* TASK DIRECTIONS
Your answer must be an exact transcription of the data, with every picture omitted.
### GIVEN MATERIAL
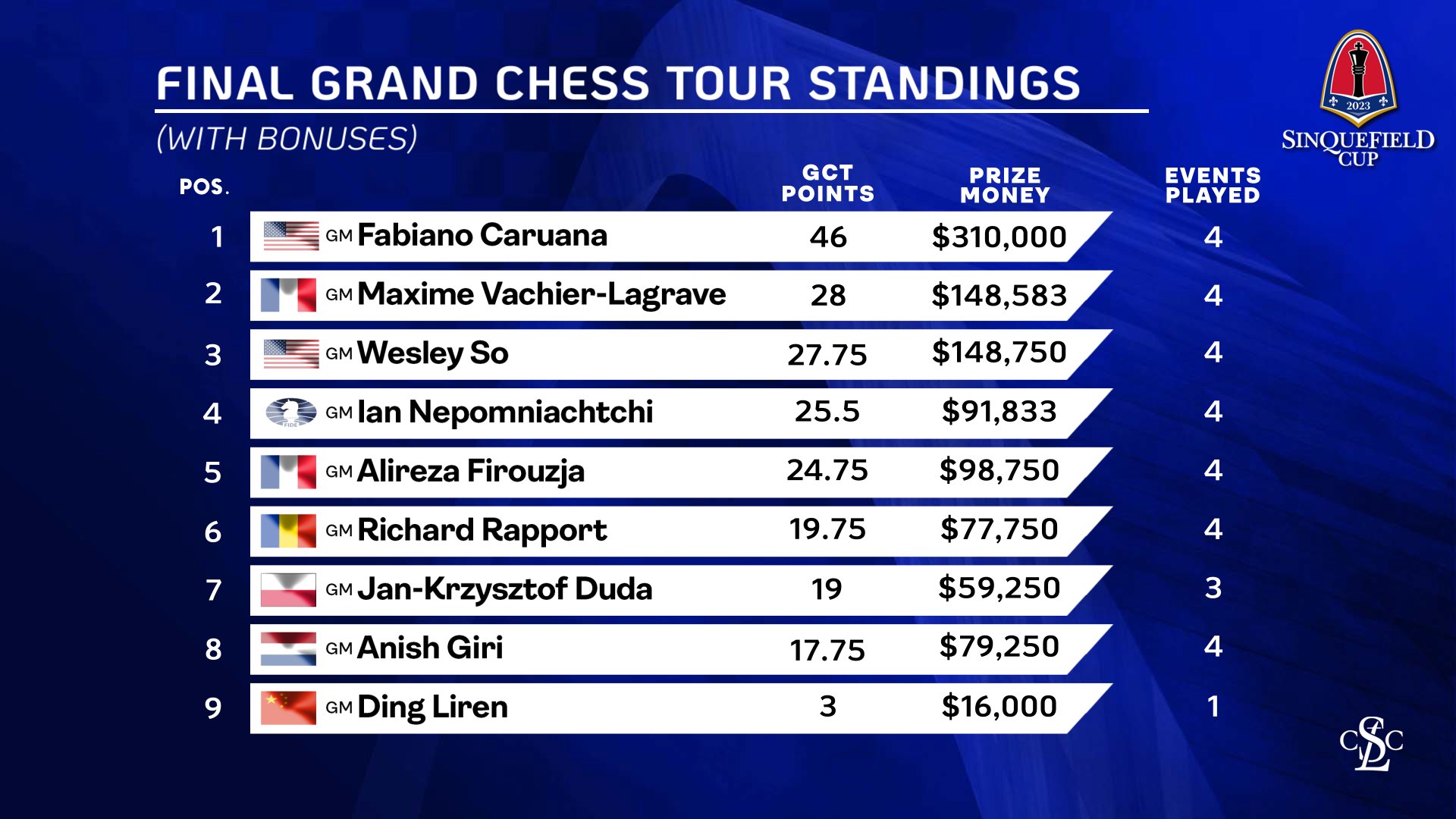 La 4e place de Maxime Vachier-Lagrave en Sinquefield Cup permet au Français d'occuper la 2e place du classement général 2023 du Grand Chess Tour.
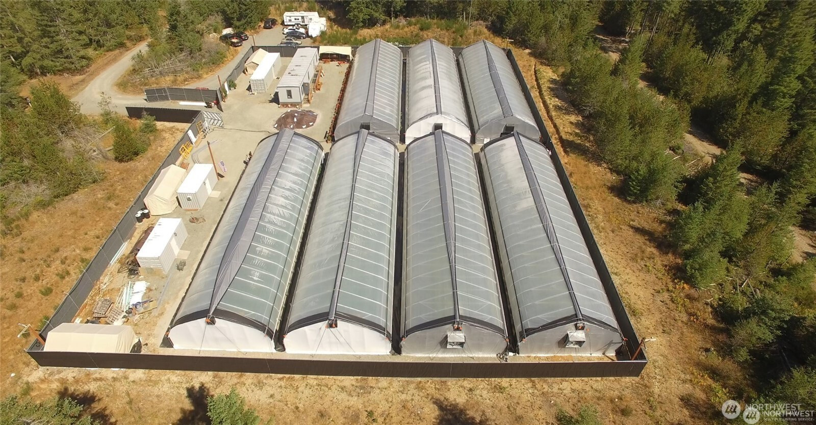 Fully licensed tier 3 producer processor facility w/8ft fence w/razor wire. 42 cameras w/IP enabled DVR system. 400 amps pwr. 400 sqft foam insulated climate controlled drying and curing building. 700 sqft Office Building w/ADA restroom. 400 sqft Irrigation & Storage Buildings. 7 insulated greenhouses totaling 3000 sqft. Auto timer controlled light deprivation, auto drip irrigation w/inline fert, drip lines & 5,000 drip emitters (1 gph), plastic ground cover for 360 degree protection, auto ventilation, well water w/new well pump 20 gpm, gravity fed septic sys, every bldg wired for elect, secluded entrance, parking lot, camper trailer, wet & dry auto trimming machine, drying racks, dehumidifiers, fans, air cond, heaters, extraction lab equip
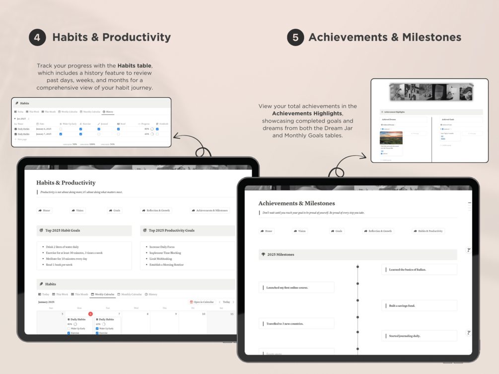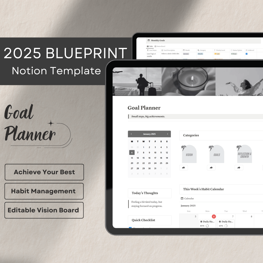 Notion Goal Planner, Goal Setting Planner for 2025, Life Vision Dashboard, Monthly Habit Tracker, Productivity Organizer, Task Tracker Log, Notion Aesthetic
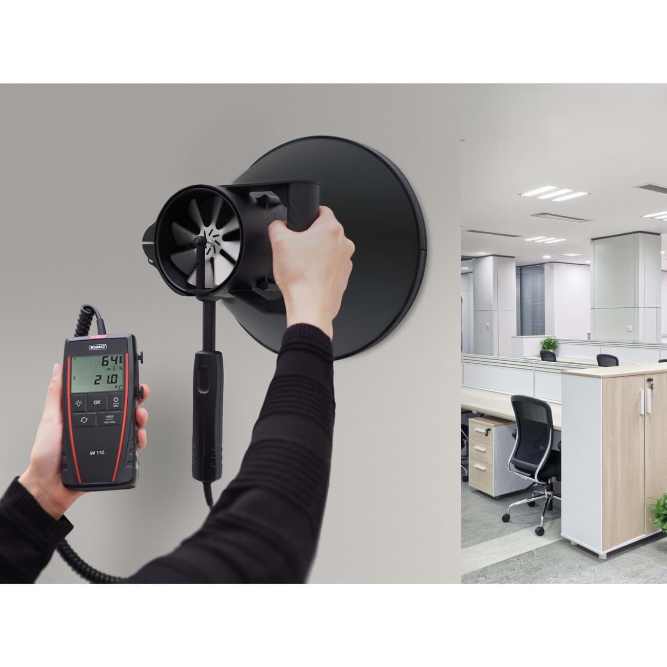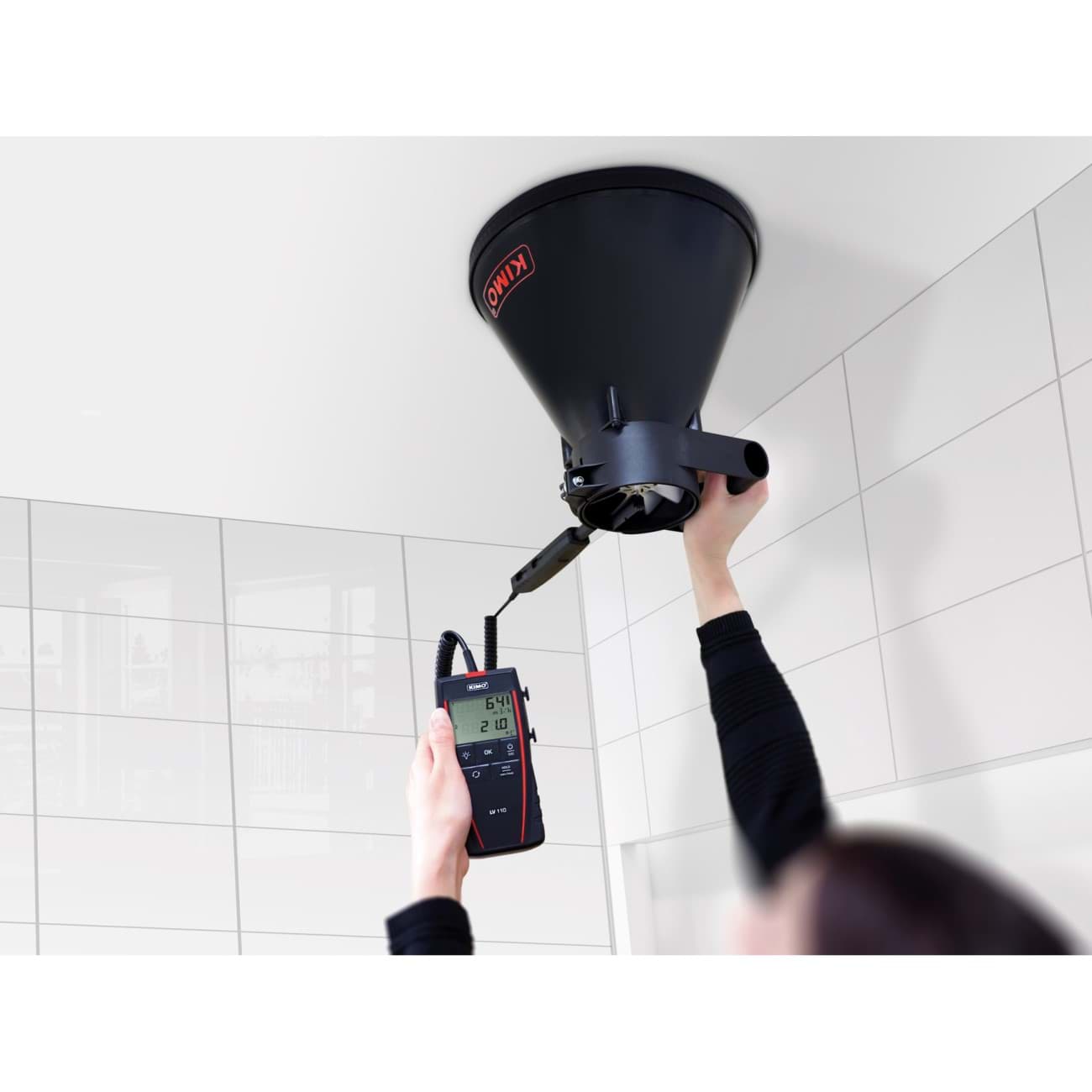 Le Kimo Si-K25 est un cône de mesure de flux d'air de haute qualité, spécialement conçu pour des mesures précises en combinaison avec des anémomètres à hélice d'un diamètre de 100 mm. Ce cône est équipé d'un redresseur de flux d'air innovant avec une structure en nid d'abeilles, qui réduit considérablement les turbulences et garantit un flux d'air laminaire et stable. Cela se traduit par des mesures fiables et précises de la vitesse et du volume d'air.
######
* RESULT
 La 4e place de Maxime Vachier-Lagrave en Sinquefield Cup permet au Français d'occuper la 2e place du classement général 2023 du Grand Chess Tour.
 Fully licensed tier 3 producer processor facility w/8ft fence w/razor wire. 42 cameras w/IP enabled DVR system. 400 amps pwr. 400 sqft foam insulated climate controlled drying and curing building. 700 sqft Office Building w/ADA restroom. 400 sqft Irrigation & Storage Buildings. 7 insulated greenhouses totaling 3000 sqft. Auto timer controlled light deprivation, auto drip irrigation w/inline fert, drip lines & 5,000 drip emitters (1 gph), plastic ground cover for 360 degree protection, auto ventilation, well water w/new well pump 20 gpm, gravity fed septic sys, every bldg wired for elect, secluded entrance, parking lot, camper trailer, wet & dry auto trimming machine, drying racks, dehumidifiers, fans, air cond, heaters, extraction lab equip
 Notion Goal Planner, Goal Setting Planner for 2025, Life Vision Dashboard, Monthly Habit Tracker, Productivity Organizer, Task Tracker Log, Notion Aesthetic
 Le Kimo Si-K25 est un cône de mesure de flux d'air de haute qualité, spécialement conçu pour des mesures précises en combinaison avec des anémomètres à hélice d'un diamètre de 100 mm. Ce cône est équipé d'un redresseur de flux d'air innovant avec une structure en nid d'abeilles, qui réduit considérablement les turbulences et garantit un flux d'air laminaire et stable. Cela se traduit par des mesures fiables et précises de la vitesse et du volume d'air.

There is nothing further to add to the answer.